Although President Obama has yet to sign it into law, he is expected to by the end of this week.
Here are some of the provisions the team at Hauk Kruse & Associates believe may be important to you:
Tax-free distributions from individual retirement plan for charitable purposes: IRA owners age 70-1/2 or older may exclude up to $100,000 per year from gross income if IRA funds were paid directly to most public charities.
Tax deduction for state and local general sales taxes in lieu of state and local income taxes: Taxpayers may deduct state and local general sales taxes paid rather than state and local income taxes paid.
Section 179 expense increase: Small and mid-size business owners can immediately deduct up to $500,000 of qualifying assets rather than over time according to depreciation schedules.
Bonus depreciation: The depreciation expense on new business equipment is 50% in the first year, plus regular depreciation on the other 50%.
Mortgage debt forgiveness: If the bank forgives all or a portion of your qualified personal residence, you do not have to claim it as income through the end of 2014.
Tax credit for residential energy efficiency improvements (including certain appliances): Homeowners can claim a one-time only energy-efficient home improvement tax credit of up to $500 for the installation of qualified insulation, windows, doors, roofs, water heaters, and heating and air conditioning systems.

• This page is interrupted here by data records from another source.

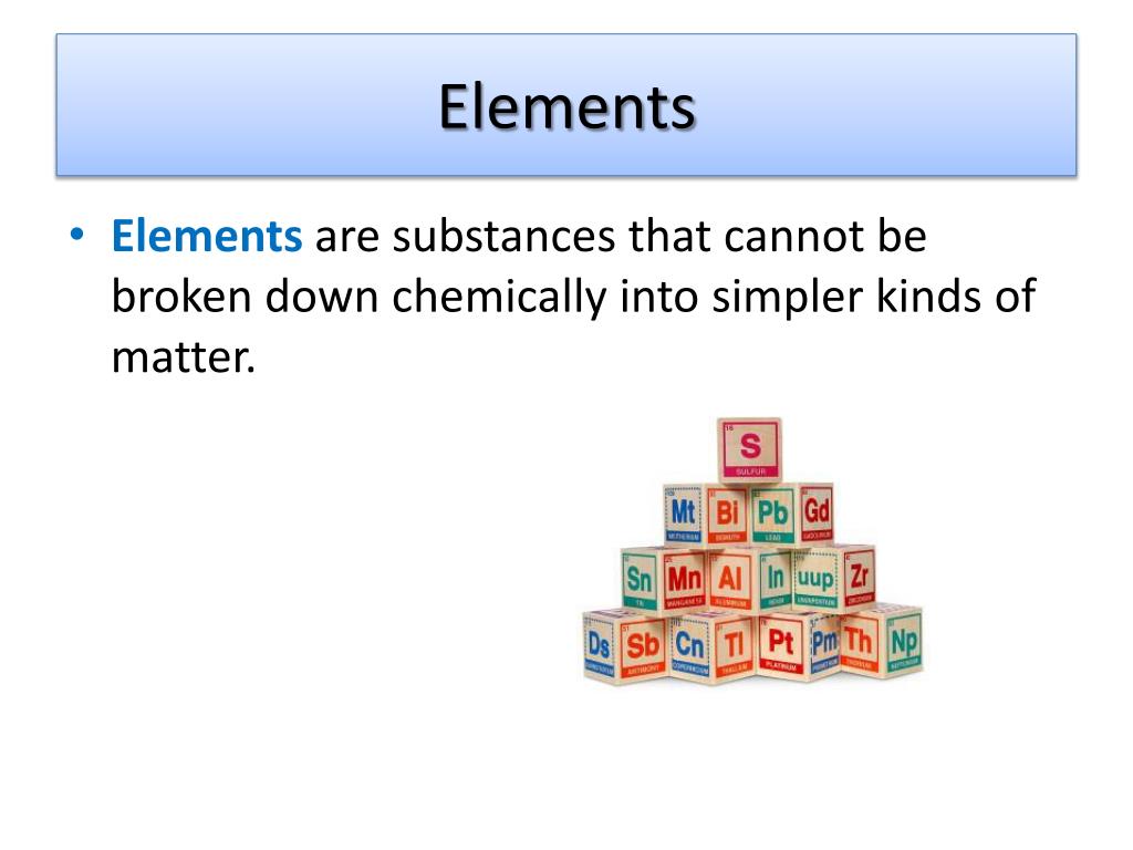 Elements • Elements are substances that cannot be broken down chemically into simpler kinds of matter.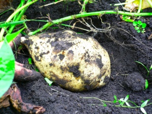 NHK連続ドラマの舞台となっている癒しの里「湯布院」その湯布院の「亀の井別荘」「玉ノ湯」をはじめとする名旅館で飲まれている八喜芋焼酎「Le Cresson」(ル・クレソン)。その原料となるお芋の生育状況を確かめに、本日は湯布院温泉に行って参りました。盆地である湯布院のそのまた山間で栽培。「黄金千貫」「ベジータレッド」の両種とも順調に大きく成長しております。このお芋達が今年も美味しい芋焼酎になってくれることを祈ります♪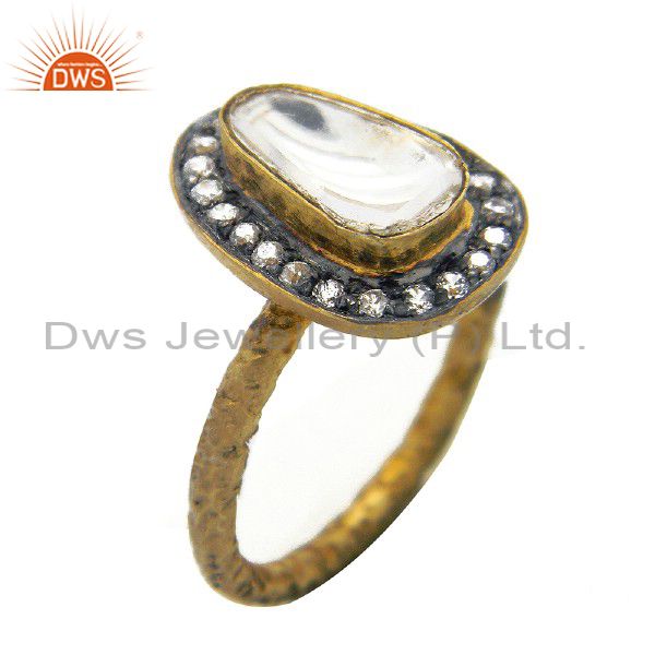 22K Yellow Gold Plated Sterling Silver Crystal Cz Polki Hammered Stackable Ring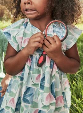 Vestido Mayoral. Estampado de flores. Color azul, verde, blanco y rosa. Cuello en V. Cierre con botones. Volantes en las mangas. Tejido fluido.

Tuition and fees deduction: Qualifying taxpayers are allowed to claim up to $4,000 in education expenses (tuition, enrollment expenses, attendance expenses, student-activity fees, and books/supplies fees).
Research and Development credit: The R&D credit has been extended through the end of 2014.
Deduction for mortgage insurance premiums: Congress allows for a tax deduction for the cost of PMI for homes and vacation homes through the end of 2014.
Educator expense: Eligible educators will receive a deduction of up to $250 for unreimbursed expenses paid for supplies and equipment used in the classroom.
While the passing of this bill is excellent, it should be noted that this could once again mean a delayed tax season.